Tree Ensembles

Decision trees are intuitive and easy to interpret, but they tend to overfit—performing well on training data but poorly on unseen data. Tree ensembles solve this problem by combining multiple trees.

Ensemble Learning

Ensemble learning combines predictions from multiple models to produce better results than any single model. Just as a group of people can make better decisions together, a group of models can produce more accurate and stable predictions.

Every model has error from its limitations and from randomness in training data. Training multiple models that make slightly different mistakes allows those errors to cancel out. This is the core idea behind ensemble learning—using diversity among models to improve performance.

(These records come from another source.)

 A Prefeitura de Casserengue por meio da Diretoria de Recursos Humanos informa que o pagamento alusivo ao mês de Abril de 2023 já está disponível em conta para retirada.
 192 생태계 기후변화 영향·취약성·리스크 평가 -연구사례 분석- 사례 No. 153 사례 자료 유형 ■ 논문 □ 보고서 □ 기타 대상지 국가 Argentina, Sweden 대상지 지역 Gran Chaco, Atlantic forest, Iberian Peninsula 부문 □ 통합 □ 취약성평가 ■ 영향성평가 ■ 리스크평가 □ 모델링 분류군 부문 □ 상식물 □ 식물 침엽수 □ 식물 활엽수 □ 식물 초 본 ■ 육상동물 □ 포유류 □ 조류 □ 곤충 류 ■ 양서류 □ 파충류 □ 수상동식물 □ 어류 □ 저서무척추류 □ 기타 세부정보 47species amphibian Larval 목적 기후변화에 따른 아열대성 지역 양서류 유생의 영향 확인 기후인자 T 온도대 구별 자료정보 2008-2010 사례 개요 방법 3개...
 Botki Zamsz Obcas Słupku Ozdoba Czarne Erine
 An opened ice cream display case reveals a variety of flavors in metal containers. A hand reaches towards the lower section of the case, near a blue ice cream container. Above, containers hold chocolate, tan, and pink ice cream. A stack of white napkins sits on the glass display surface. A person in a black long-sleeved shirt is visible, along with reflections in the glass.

Bagging (Bootstrap Aggregation)

Bagging is the most common ensemble technique for decision trees. Here's how it works:

Bootstrap sampling: Create multiple datasets by randomly sampling from the original data with replacement (some examples appear multiple times, others not at all)
Train models: Train a decision tree on each dataset
Aggregate predictions:
- Classification: Majority vote across all trees
- Regression: Average of all predictions

Why bagging works:

Decision trees are high-variance models—small data changes create very different trees
Averaging many trees trained on slightly different data reduces this instability
The result is a smoother, more consistent model

Bagging works best with unstable models like decision trees. Stable models like linear regression don't benefit much because their predictions barely change between samples.

Out-of-Bag (OOB) Samples

Because bootstrap sampling leaves out about one-third of data points for each tree, these unused points serve as a built-in validation set. This is called out-of-bag evaluation.

Advantages:

No separate validation set needed
Efficient use of all data
Free performance estimate during training

Random Forest

Random Forest extends bagging by adding feature randomness. Instead of considering all features at each split, each tree only looks at a random subset of features. This forces trees to be more diverse, further reducing variance.

For a comprehensive guide on Random Forest, including feature randomness, hyperparameters, tuning strategies, and feature importance, see Random Forest.

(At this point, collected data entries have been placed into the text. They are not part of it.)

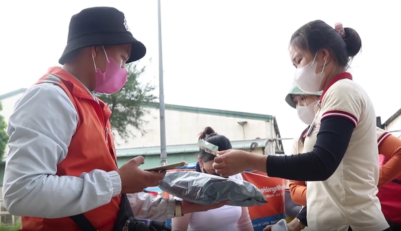 Shipper giao hàng cho công nhân KCN Trường Xuân, TP Tam Kỳ. Ảnh: Hoàng Bin.“Điện thoại tôi lúc nào cũng trong tình trạng nóng máy vì gọi liên tục mỗi ngày hàng trăm cuộc. Không phải đơn nào giao cũng có khách nhận ngay, nhiều khi gọi 2-3 lần mới được. Để kịp giao cho khách, tôi phải nhịn cả ăn trưa, có hôm 21h tối còn ở ngoài đường” - Hoàng kể.
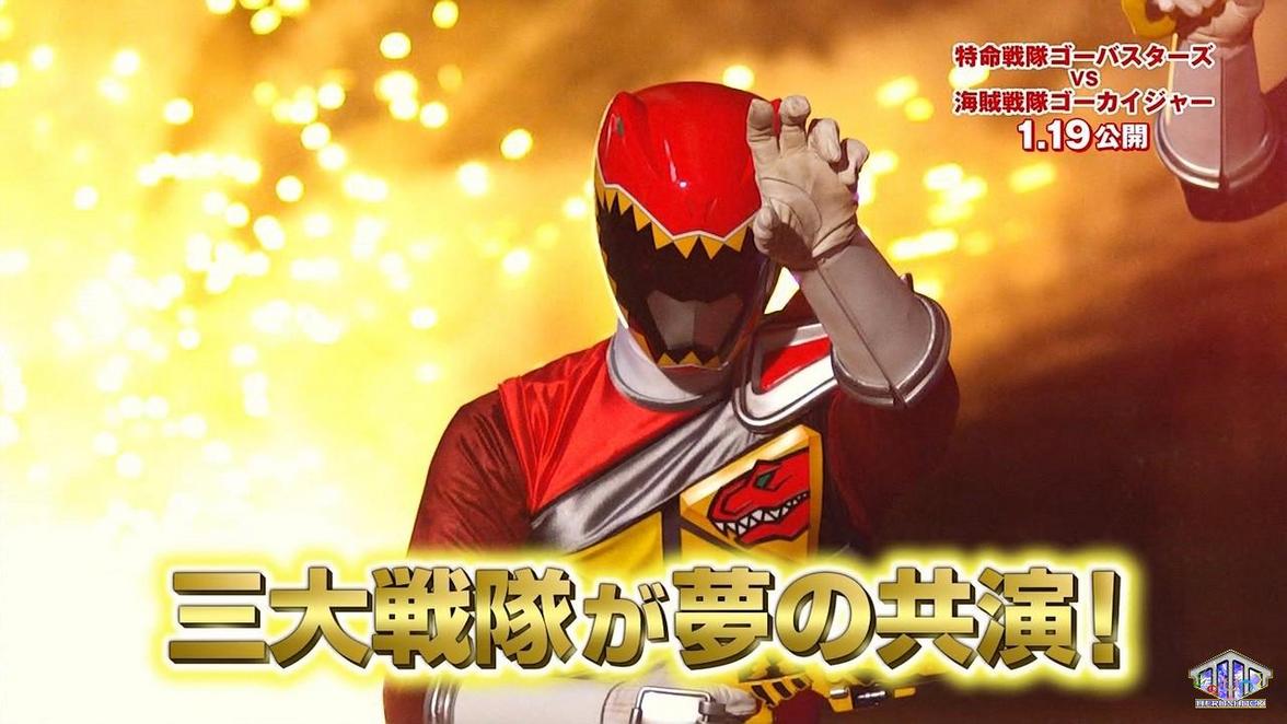 Thanks to blog Orendsrange we've gotten our newest (and best) look at Juuden Sentai Kyoryuger! These screencaps come from the latest trailer for Tokumei Sentai Go-Buster vs. Kaizoku Sentai Gokaiger The Movie and detail the first appearance and battle of the Kyoryugers! Check out these awesome shots of the Kyoryugers busting out their Gaburevolvers on some Zangyack Gomin! Gobuster Vs. Gokaiger is in theaters January 19th, 2013!
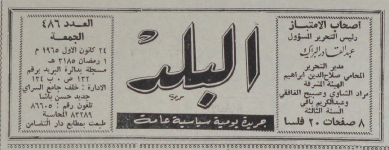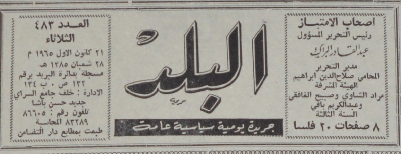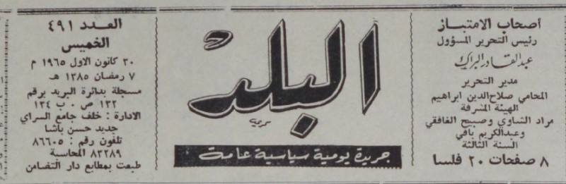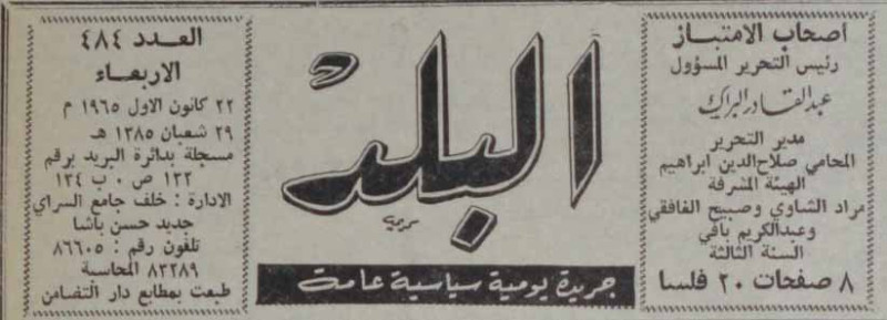 رئيس التحرير المسؤول : عبد القادر البراك.
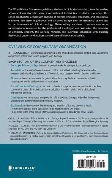 Over 2 million copies sold in The Word Biblical Commentary series. This commentary series delivers the best in biblical scholarship from the leading scholars of our day who share a commitment to Scripture as divine revelation. It emphasizes a thorough analysis of textual, linguistic, structural, and theological evidence, resulting in judicious and balanced insight into the meanings of the text in the framework of biblical theology. These widely acclaimed commentaries serve as exceptional resources for the professional theologian and instructor, the seminary or university student, the working minister, and everyone concerned with building theological understanding from a solid base of biblical scholarship. Overview of Commentary Organization: Introduction--covers issues pertaining to the whole book, including context, date, authorship, composition, interpretive issues, purpose, and theology. Pericope Bibliography--a helpful resource containing the most important works that pertain to each particular pericope. Translation--the author's own translation of the biblical text, reflecting the end result of exegesis and attending to Hebrew and Greek idiomatic usage of words, phrases, and tenses, yet in reasonably good English. Notes--the author's notes to the translation that address any textual variants, grammatical forms, syntactical constructions, basic meanings of words, and problems of translation. Form/Structure/Setting--a discussion of redaction, genre, sources, and tradition as they concern the origin of the pericope, its canonical form, and its relation to the biblical and extra-biblical contexts in order to illuminate the structure and character of the pericope. Rhetorical or compositional features important to understanding the passage are also introduced here. Comment--verse-by-verse interpretation of the text and dialogue with other interpreters, engaging with current opinion and scholarly research. Explanation--brings together all the results of the discussion in previous sections to expose the meaning and intention of the text at several levels: (1) within the context of the book itself; (2) its meaning in the OT or NT; (3) its place in the entire canon; (4) theological relevance to broader OT or NT issues. General Bibliography--occurring at the end of each volume, this extensive bibliography contains all sources used anywhere in the commentary.
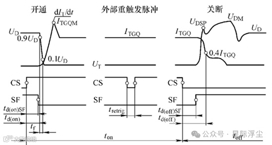 开通延迟时间td(on):从接收到开通命令开始,到阳极电压从稳态值UD下降到0.1UD所经历的时间,一般为3.5μs。
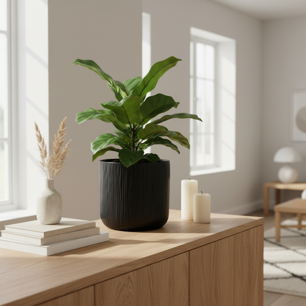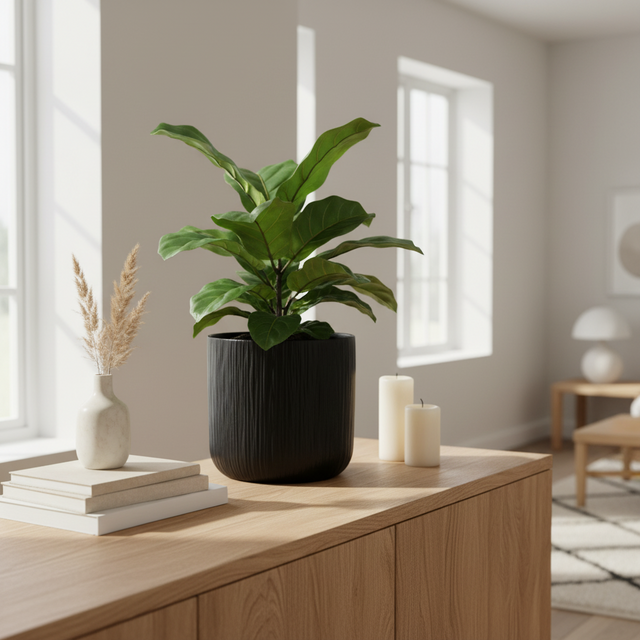 Løft frem plantene dine med en elegant blomsterpotte i sort keramikk. Med sitt moderne design passer den perfekt inn i skandinaviske og minimalistiske hjem. Den matte overflaten gir et eksklusivt preg, samtidig som den fremhever grønne planter og blomster på en ren måte.

Other Tree Ensemble Methods

Beyond Random Forest, other popular tree ensemble methods include:

Gradient Boosting: Sequentially trains trees that correct previous errors (XGBoost, LightGBM, CatBoost)
AdaBoost: Adapts by focusing on misclassified examples
Extra Trees: Uses random splits instead of optimal splits for even more diversity

Each method balances bias and variance differently, with different strengths for various problems.